Should oil prices stabilise in the low $30-a-barrel range and the government fails to rein in spending, Iraq could be looking at a financing gap of $54bn this year, says the World Bank.
“To showcase the severity of the fiscal situation, Iraq would need at least a US$58/barrel oil price to meet its wage and pension obligations alone,” the World Bank said in its latest update on Iraq’s economic outlook.
There are no easy remedies for closing the gap between Iraq’s shrinking oil income and its financing needs.
“There are only two solutions,” Iraq analyst Yahya al-Kubaisi a consultant with the Iraqi Center for Strategic Studies, told Al Jazeera, “using the CBI’s [Central Bank of Iraq] cash reserves or resort to borrowing, not only from the IMF but from other sources too.”
Iraq’s foreign exchange reserves hit $68bn last year – enough to cover 10 months worth of imports.
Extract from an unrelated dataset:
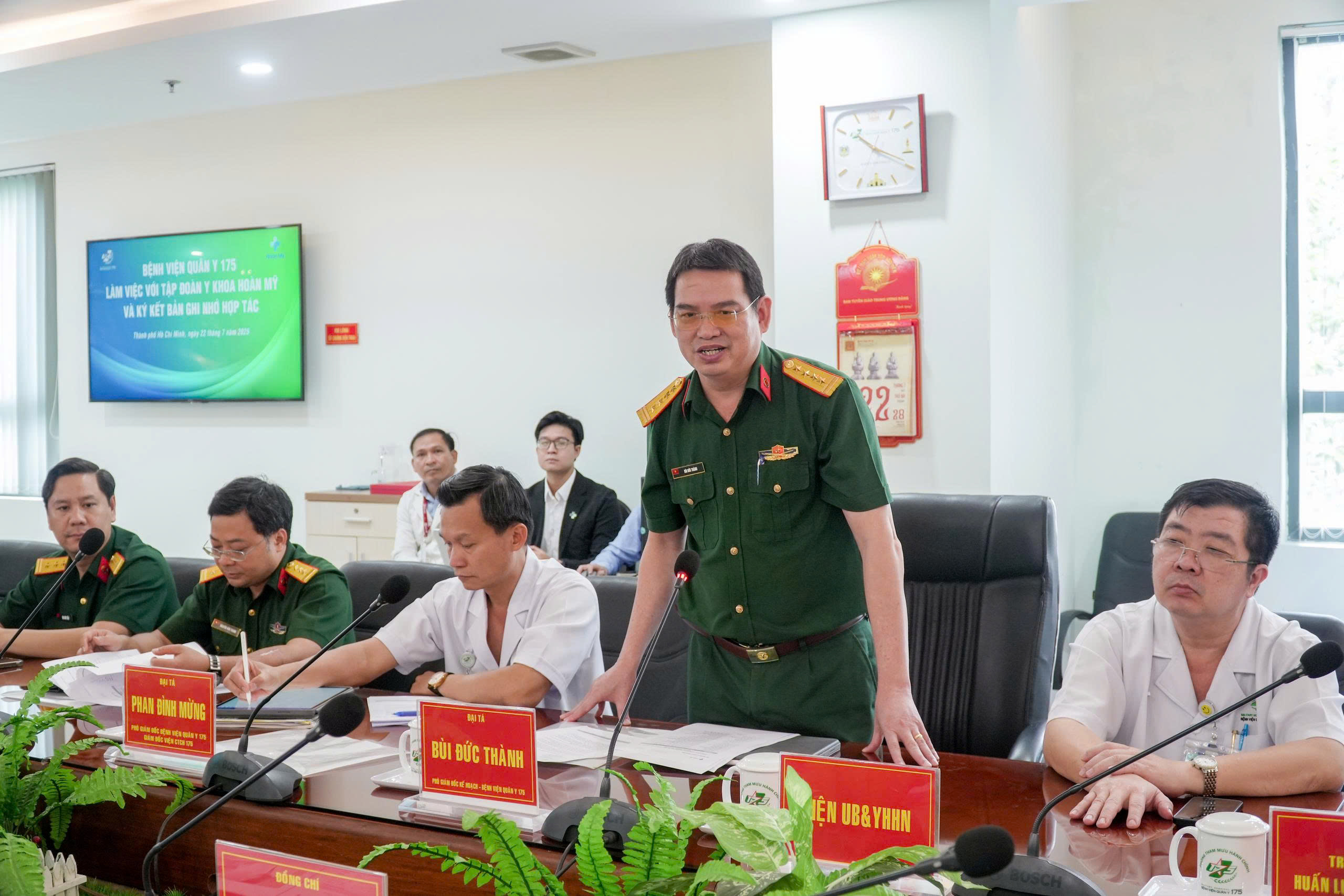 Phát biểu khai mạc buổi lễ, Đại tá, TS. Bùi Đức Thành – Phó Giám đốc Bệnh viện Quân y 175 nhấn mạnh: Mục tiêu chung của hợp tác là hướng tới việc nâng cao chất lượng khám chữa bệnh, với nguyên tắc “Lấy người bệnh làm trung tâm”, phù hợp với giá trị cốt lõi của bệnh viện và định hướng phát triển của cả hai bên.

They now cover less than six months of imports, having dwindled by at least $9bn.
Conditions are far from ideal for borrowing on international debt markets, given capital is flying out of emerging markets, rather than into them. Issuing domestic debt is extremely expensive and crowds out credit for Iraq’s struggling private sector.
Wealthier states are less likely to come to Iraq’s rescue as their economies are knocked sideways by the coronavirus. And the International Monetary Fund (IMF) may be less inclined to throw a lifeline to Baghdad, given Iraq’s failure to implement structural reforms the last time the IMF stepped up with an aid package in 2016.
“I’m sure the IMF can lend the money to Iraq but given our abandoning of the IMF Stand-By Agreement, it will require real reforms that we don’t have the luxury to make,” said Tabaqchali. “The world is a very different place right now.”